Savi Saluwadana

Posted on Apr 13

AI-Native Platform Engineering: How OpenChoreo Brings MCP and an SRE Agent to Your Infrastructure

#agents #ai #mcp #sre

AI assistants have become a standard part of how developers write code. The next frontier is whether they can be trusted participants in how that code gets deployed, operated, and debugged.

OpenChoreo, an open source IDP that recently entered the CNCF Sandbox, takes a clear position on this. AI is not a plugin or an afterthought. It is a first-class platform construct with the same authorization model, the same guardrails, and the same observability as every other part of the system.

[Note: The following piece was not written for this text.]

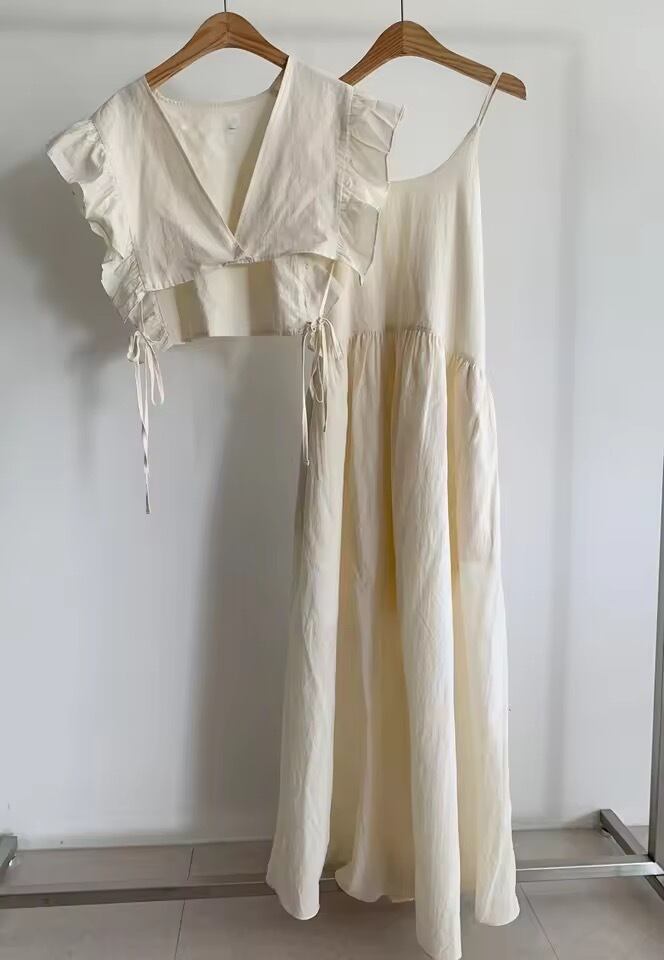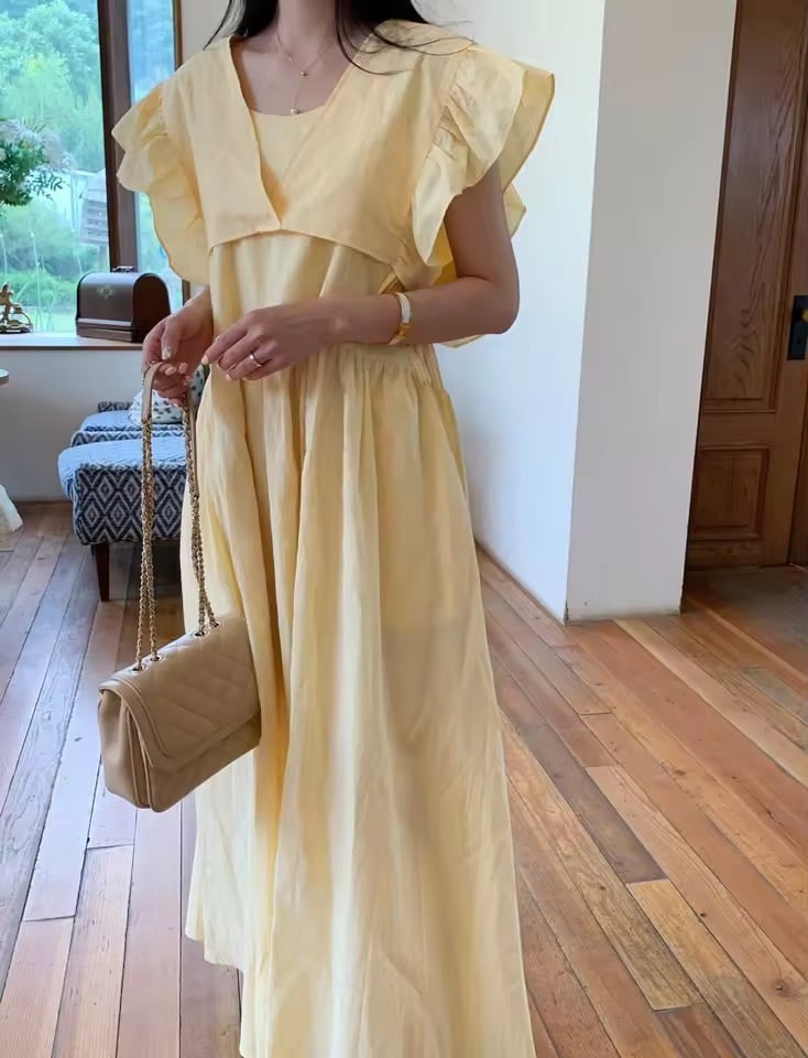 フリルスリーブのトップスを重ねて着て頂ける2wayワンピース。

I contribute to the project and in this post I want to walk through two specific capabilities: the MCP server integration that connects AI assistants to your platform, and the built-in RCA Agent that autonomously investigates production incidents.

Why AI at the Platform Layer Is Different

There is a meaningful difference between AI that helps you write code and AI that interacts with your running infrastructure.

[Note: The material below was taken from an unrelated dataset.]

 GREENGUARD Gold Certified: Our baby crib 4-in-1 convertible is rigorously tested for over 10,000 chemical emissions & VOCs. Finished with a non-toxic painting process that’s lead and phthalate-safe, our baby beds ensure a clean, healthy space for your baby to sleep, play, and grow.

A code suggestion going wrong costs you a review cycle. A deployment action going wrong costs you an incident. The stakes are different and the design has to reflect that.

OpenChoreo's approach is to expose AI interfaces that follow the same authorization policies as human users. When your AI assistant connects to the platform via MCP, it authenticates with OAuth2/OIDC and is subject to the same RBAC and ABAC policies as a human operator. It can only do what a human with the same role could do. No elevated permissions, no side doors.

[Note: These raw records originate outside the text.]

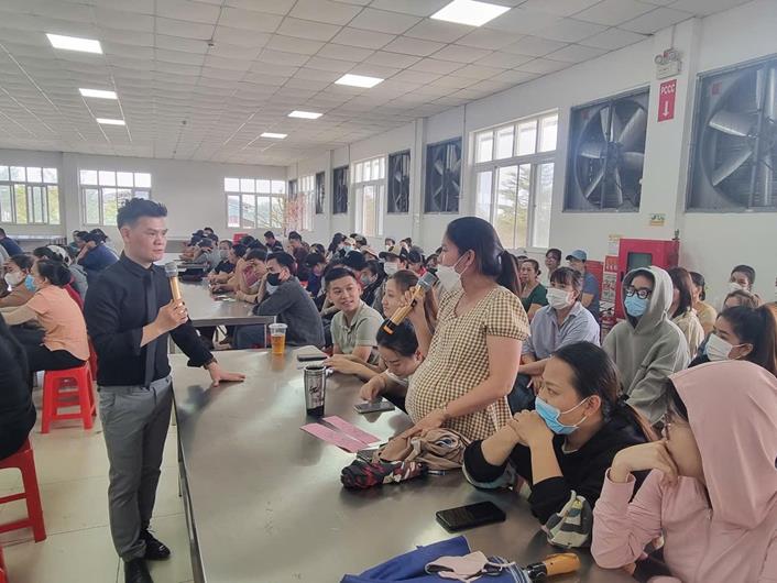 (CTT-Đồng Nai) - Thực hiện Đề án 938 về “Tuyên truyền, giáo dục, vận động, hỗ trợ phụ nữ tham gia giải quyết một số vấn đề xã hội liên quan đến phụ nữ giai đoạn 2017 - 2027”, Hội Liên hiệp Phụ nữ huyện Trảng Bom đã tổ chức buổi nói chuyện chuyên đề về phòng, chống bạo lực gia đình và chăm sóc, bảo vệ trẻ em cho hơn 200 công nhân lao động tại Công ty TNHH PouPhong Khu công nghiệp Bàu Xéo).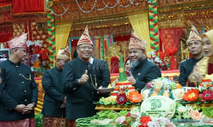 BENGKULU, eWarta.co -- Rapat Paripurna dalam rangka Hari Ulang Tahun (HUT) ke-57 Provinsi Bengkulu digelar di Gedung DPRD Provinsi Bengkulu, Selasa (18/11) pagi. Gubernur Bengkulu Helmi Hasan hadir mengenakan pakaian adat Bengkulu bersama istrinya, Khairunnisa. Keduanya tiba di kantor DPRD dengan menggunakan delman, didampingi Wakil Gubernur Mian beserta istri, Eko Kurnia Ningsih.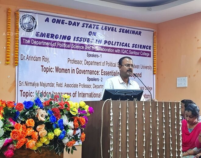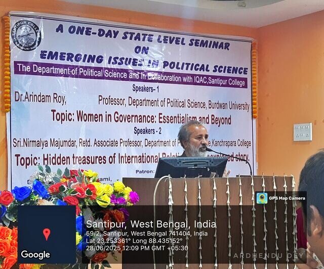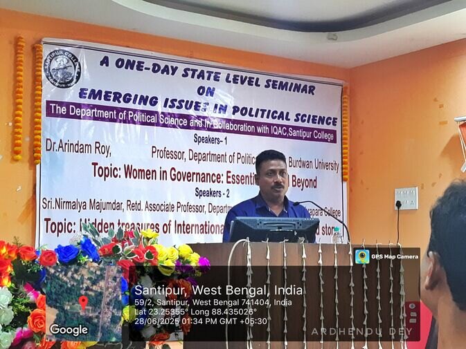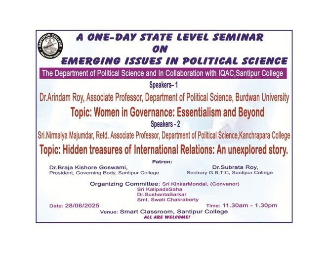Seminar on : A One day State Level seminar on Emerging Issues in Political Science | Dr. Arindam Roy, Associate Professor, Department of Political Science, Burdwan University | Topic: Women in Governance: Essentialism and beyond. Jointly organized by the Department of Political Science in collaboration with IQAC, Santipur College. Thought-provoking perspectives were shared, engaging the audience in lively discussions. The event proved to be an enriching experience for students, researchers, and faculty members, broadening their understanding of contemporary political issues. A Report : View |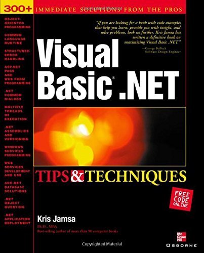 Bestselling and highly acclaimed Visual Basic author Kris Jamsa delivers the ultimate VB.NET resource. Organized by topic and packed with critical information, this book effectively explains complex concepts with precision. Filled with proven techniques and hundreds of solutions that can be put to immediate use easily and effectively, this is a must-have guide for every Visual Basic developer and programmer working with Web services and applications on the .NET platform.

The MCP Server Architecture

OpenChoreo exposes two MCP servers.

The Control Plane MCP server gives your AI assistant access to platform management operations. The Observability Plane MCP server gives it direct access to logs, metrics, traces, and alerts without proxying through the control plane.

The two-server design is intentional. Observability data never flows through the control plane on its way to an AI assistant. In multi-regional or multi-tenant deployments this matters for data privacy and compliance. Each server is independently secured and independently queryable.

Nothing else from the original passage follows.